The HLA-B gene provides instructions for making a protein that plays a critical role in the immune system. HLA-B is part of a family of genes called the human leukocyte antigen (HLA) complex.
Does warfarin inhibit CYP2C9?
Furthermore, warfarin alcohols are known to competitively inhibit CYP2C9 yet are not metabolized (15).
What is the difference between R and S warfarin?
For the anticoagulant warfarin, S-warfarin is more highly bound to albumin than R-warfarin, while overall R-warfarin is more highly protein bound than S-warfarin. S-warfarin is also 5 times more potent as a blood anticoagulant than the R-form.
What is warfarin made from?
Warfarin is derived from coumarin, a sweet-smelling anticoagulant (blood-clotting) chemical found naturally in sweet clover and many other plants. In 1954, warfarin was approved for clinical use and has remained a popular anticoagulant ever since.
What is AB allele?
Cis-AB is a rare fourth version of the blood type gene. It is an allele that gives you type AB blood all by itself! If you have the cis-AB allele, the other allele you got from your parents will not affect your blood type. No matter what it is, you will have type AB blood.

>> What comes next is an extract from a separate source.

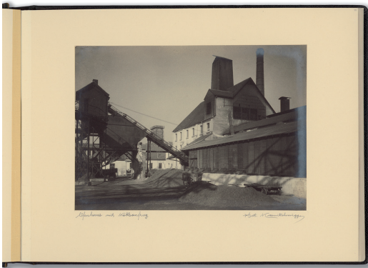
Abb. 17 Maximilian von Karnitschnigg, Graz ALBUM STÄDTISCHES GAS- UND ELEKTRIZITÄTWERK GRAZ, VOR 1933, „OFENHAUS MIT KOKSAUFZUG“ Gelatine-Entwicklungspapier, 16 x 22,5 cm; unter dem Bild handschriftlich bez. (links) und sign. „phot. Kar- nitschnigg“ (rechts); Foto Nr. 4 von 20 Fotografien, jeweils handschriftlich bez. und sign., Abzüge eingeklebt, Hoch- und Querformate, etwa 17 x 23 cm, alle Gelatine-Entwicklungspapier; Album Seite 1 Text bez. „Ihrem Prokuristen, Herrn Bürgermeister Vinzenz Muchitsch, der als erster Volksbürgermeister der Landeshauptstadt Graz die Übernahme des Gas- und Elektrizitätswerkes in den Besitz der Gemeinde und den Ausbau dieses Werkes durchführte, von Direktion, Angestellten und Arbeitern Graz in dankbarer Wertschätzung zur Vollendung des 60. Lebensjahres gewidmet. Graz, im Februar 1933“; Album Einband grünes, strukturiertes Papier, Grazer Stadtwappen in Weißprägung, Kordelbindung, 25,8 x 36 cm. StLA, Muchitsch Vinzenz, Nachlass, K 1, H 6, S. 5

Is warfarin a cyp2c19 inhibitor?
Warfarin produces its therapeutic effect by inhibiting the action of vitamin K epoxide reductase complex 1 (VKORC1) that is necessary to produce the clotting factors II (prothrombin), VII, IX, and X. Like CYP2C9, several genetic polymorphisms of VKORC1 can alter a patient’s response to warfarin.
How does warfarin affect protein C and S?
Warfarin inhibits the body’s own production of protein C and protein S. Therefore, initial treatment with warfarin alone in people with protein C or protein S deficiency may temporarily make clotting worse or precipitate a new clot or a severe skin rash known as skin necrosis.
How are CYP2C9 and VKORC1 genotypes used to determine warfarin doses?
A patient’s CYP2C9 and VKORC1 genotype can be used to help determine the optimal starting dose of warfarin. The CYP2C9 gene encodes one of the main enzymes involved in the metabolism of warfarin. Several variant CYP2C9 alleles are associated with reduced enzyme activity and lower clearance rates of warfarin.
What is the genotype frequency of the VKORC1 polymorphism?
The VKORC1(rs 9923231, -1639 G>A) polymorphism, genotype frequencies were 20.5%, 40.5%, and 38.9% for GG, GA, and AA genotypes, respectively. The allelic frequency for VKORC1-1639 A was 60%. In the studied population the CYP2C9 *2 mutant allele frequency was found to be 12.6%.
Is there a difference between the variant alleles of vkorc1-1639 G>A and CYP2C9?
However, the comparisons among *1/*1 vs. *2/*2, *2/*3,*3/*3 (P = 0.22) and*1/*2, *1/*3 vs.*2/*2, *2/*3,*3/*3 (P = 0.54) showed no significant differences (Table 3). The simultaneous effect of the variant alleles of VKORC1-1639 G>A and CYP2C9 is shown in Figure 1.
Which genotypes are sensitive to warfarin?
Warfarin Therapy and the Genotypes CYP2C9 and VKORC1. Patients who carry the -1639G>A polymorphism in the promoter region of the VKORC1 gene are more sensitive to warfarin and require lower doses. The FDA-approved warfarin drug label provides a dosing table based on CYP2C9 and VKORC1 genotypes ( Table 1 ).